The components are eigenvectors of the covariance matrix — linear combinations of original features, which costs some interpretability.
In the Test Kitchen: rotate the skewer yourself and try to beat FIND PC1. You cannot — that is the eigenvector's whole job.
Don't just read the recipe — taste it. Drag, click and break things below.
Fifty-five dishes plotted by two correlated flavours. You may keep only one number per dish: its shadow on the amber skewer. Grab the skewer and rotate it — every angle you try is traced onto the variance curve below. PCA is nothing more than the angle at the top of that curve. Stuck? FIND PC1 lets the eigenvector glide there itself.

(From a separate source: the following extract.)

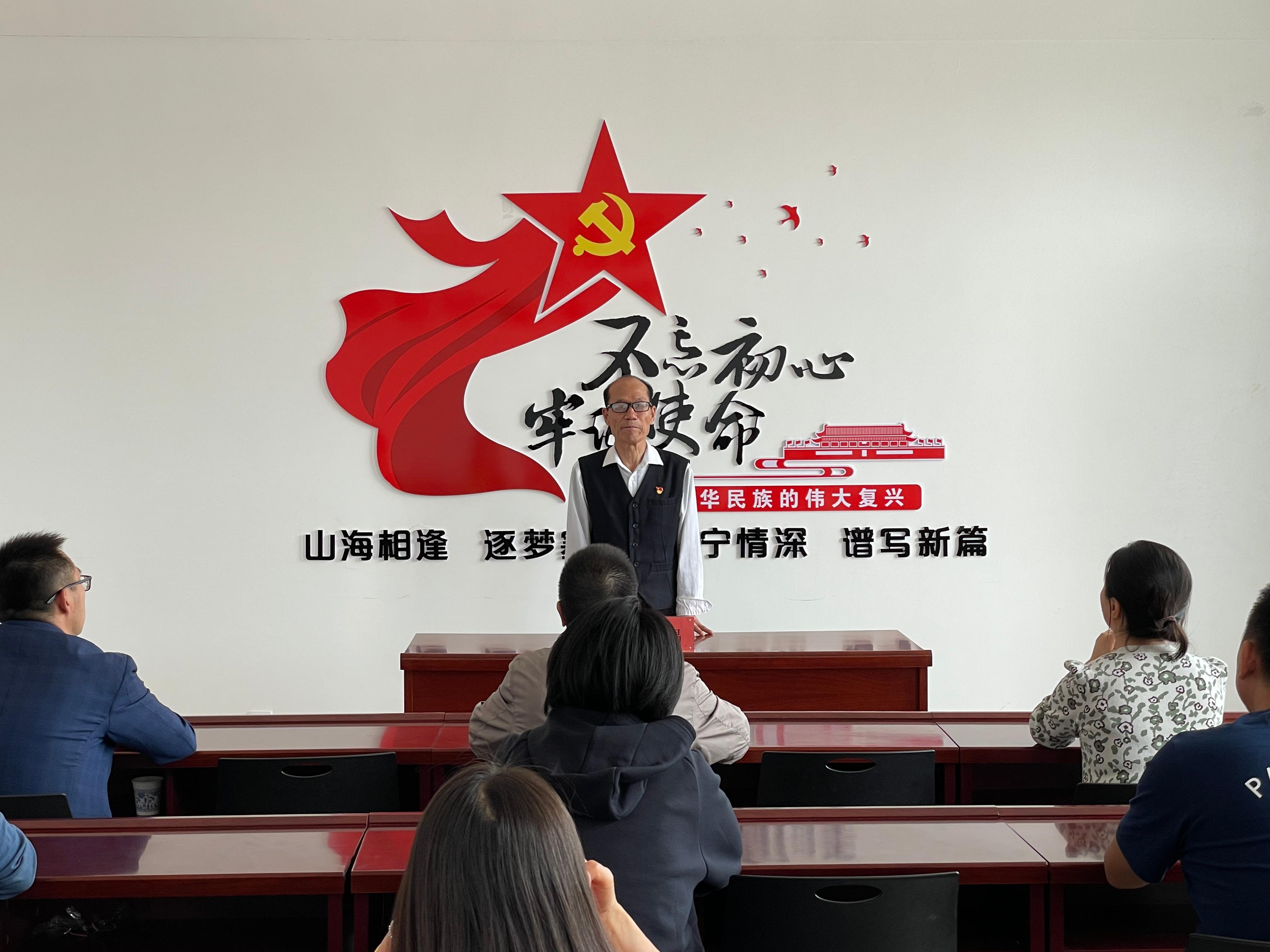 在山海小院,热播剧《山海情》中“马得福”原型人物--原闽宁镇福宁村村支书谢兴昌同志为我支部党员上了一堂主题党课,生动讲述了闽宁村脱贫致富,从昔日的干沙滩变成了繁荣富裕的金沙滩的发展历程。

FIG L.9: PCA — PROJECT TO ONE DIMENSION, KEEP MAXIMUM VARIANCE. PC2 IS SIMPLY THE PERPENDICULAR (DASHED)
Same fifty-five dishes — now watch the compression actually happen. Each dish slides onto the skewer (the red threads are the information thrown away), then the skewer lays flat and the whole dataset becomes one number per dish. Run it along PC1, then along a bad angle: same data, same recipe, wildly different amount of flavour kept.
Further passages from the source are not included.